Disease is complicated phenomena, one or more errors in a long sequence of events, a bit like a bus ride “from Kanyakumari to Mumbai” that passes through many towns en route. We can, says Krishnan, currently only determine that the bus arrived late in Mumbai. It isn’t possible to detect where en route it might have malfunctioned.
But with the I-switch, we would be able to tell where exactly in the body the normal sequence of reactions was disrupted.
This could have applications in tracking (or imaging) neurological and enzyme-related disorders, and embryonic development.
Krishnan’s next project was more ambitious. Using DNA junctions that had five open ends, she created an icosahedron, a solid shaped a bit like a ball, except with 20 triangular faces instead of a smooth curve. It took a week of reactions in the laboratory to do this.
The icosaherdon had two things going for it — it could be assembled in two halves, and it had a remarkably large cavity. It was, in other words, the perfect container to trap other nanoparticles. It took another three days of reactions for Krishnan’s team to encapsulate gold nanoparticles into a DNA icosahedron.
Now the team repeated what they had done with the I-switch. A natural, fluorescent polymer (also an indicator of acidity) was encapsulated within the DNA icosahedron. The compound was once again injected into a worm, and in a repeat of the previous success, it went straight to the very same cells. Except that the implications this time around were far greater.
The I-switch could only monitor acidity, but the DNA icosahedron could contain any molecule. It could, therefore, be used for the targeted delivery of molecules that could monitor many other things.
In parallel, a group of researchers in the US had used a DNA-based solid structure to deliver molecules that suppress tumours in mice. The icosahedron could similarly be used for drug delivery.
These DNA-based structures have other advantages over synthetic chemical structures too — they are more easily accepted by living organisms, and they are, according to Krishnan, absolutely identical, “much more uniform than other compounds.”

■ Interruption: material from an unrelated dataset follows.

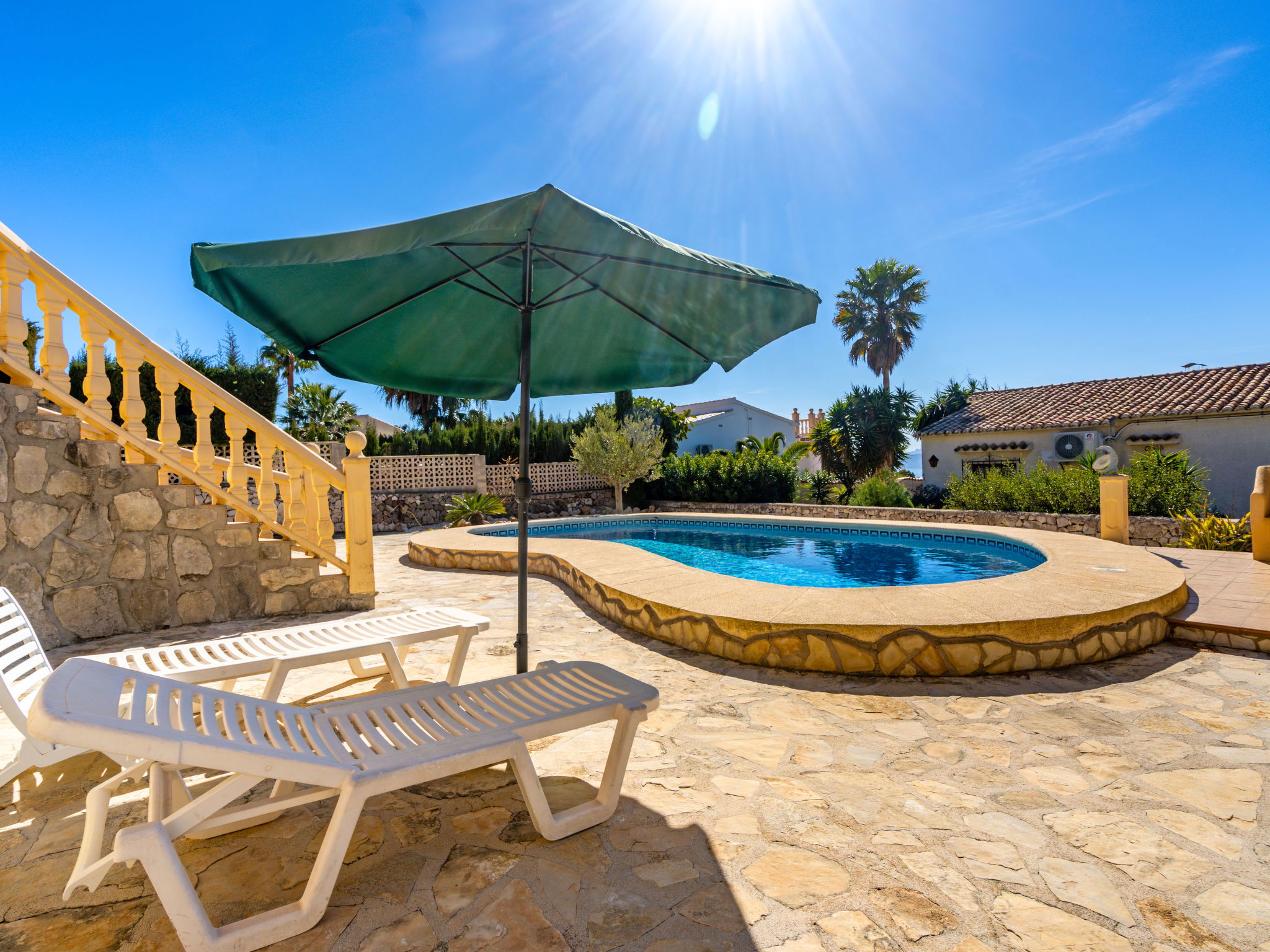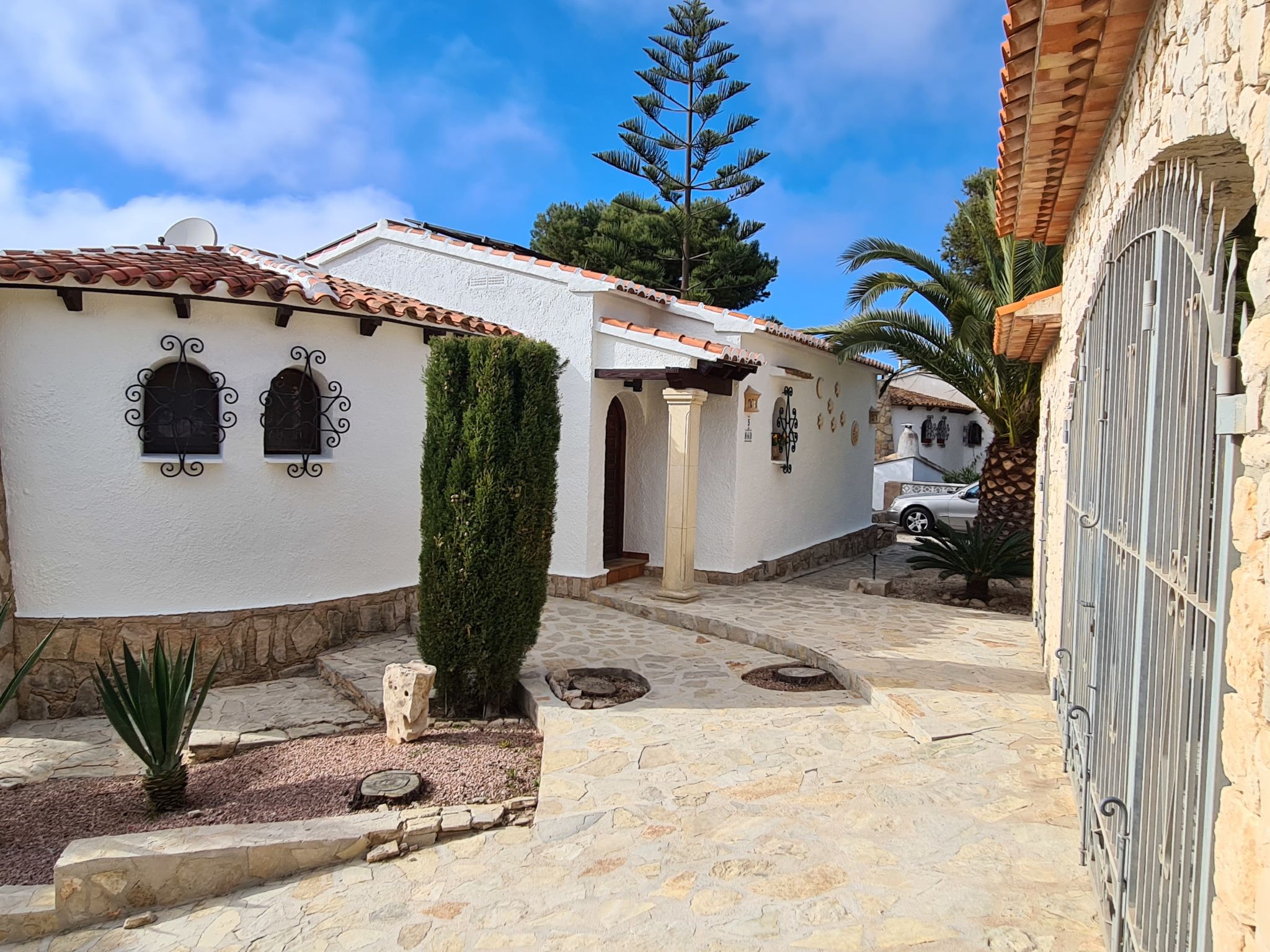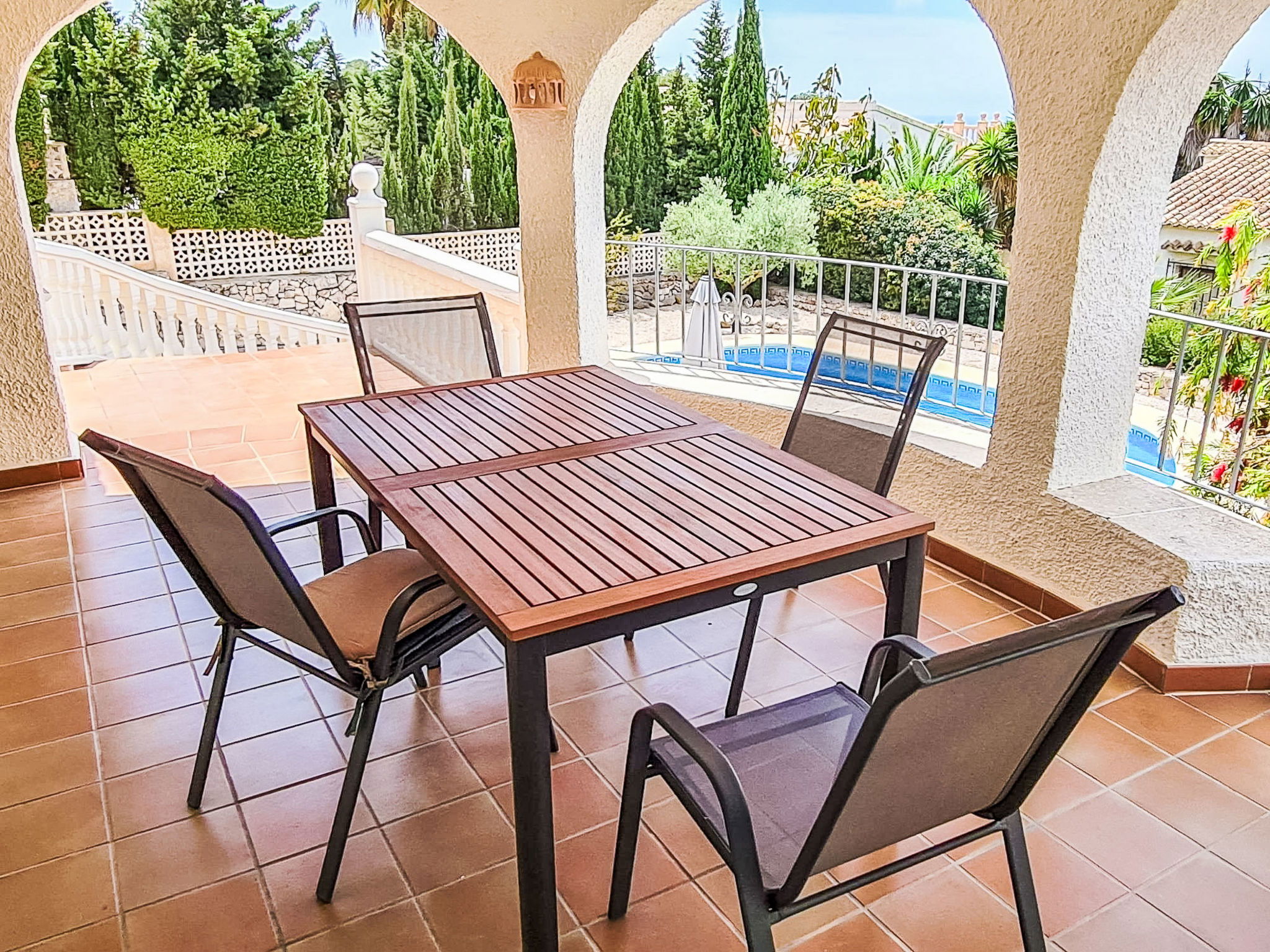 Maison "Zindel". Dans le quartier de Balcon al Mar, à 5 km de la mer. A usage privé: jardin 800 m2 (clôturé) avec plantes, piscine (4 x 9 m, profondeur 150 - 250 cm, disponibilité saisonnière: 01.Jan. - 31.Dec.) avec marches intérieures. Douche extérieure. Infrastructures de la Maison: terrasse sur le toit. Supermarché, restaurant 200 m, arrêt de bus "Toscamar" 3.9 km, plage de sable "Arenal" 8 km plage de graviers "Granadella" 5 km.

Exciting as these discoveries have been, Krishnan and her team know that they have many hurdles to cross. The range of the I-switch needs to be augmented; the DNA icosahedron needs to be tested for targeted delivery to other cells; and most importantly, a “cheaper way of manufacturing DNA-based structures needs to be found.”
According to Dr K Vijayraghavan, head of the Central government’s Department of Biotechnology, even though novel DNA based structures have started finding “extraordinary applications”, there are very few people in India working in this uncharted field. “Yamuna Krishnan’s team has done a terrific job by jumping right in,” he says.
Going by her plans though, it seems like she has just about put her toe in the water. “In the next five years,” says Krishnan, “I want to uncover new biological processes using DNA nanodevices. Processes that we have been unable to understand because we haven’t had the tools to do that.”
“I’m going to find new biology to surprise biology.”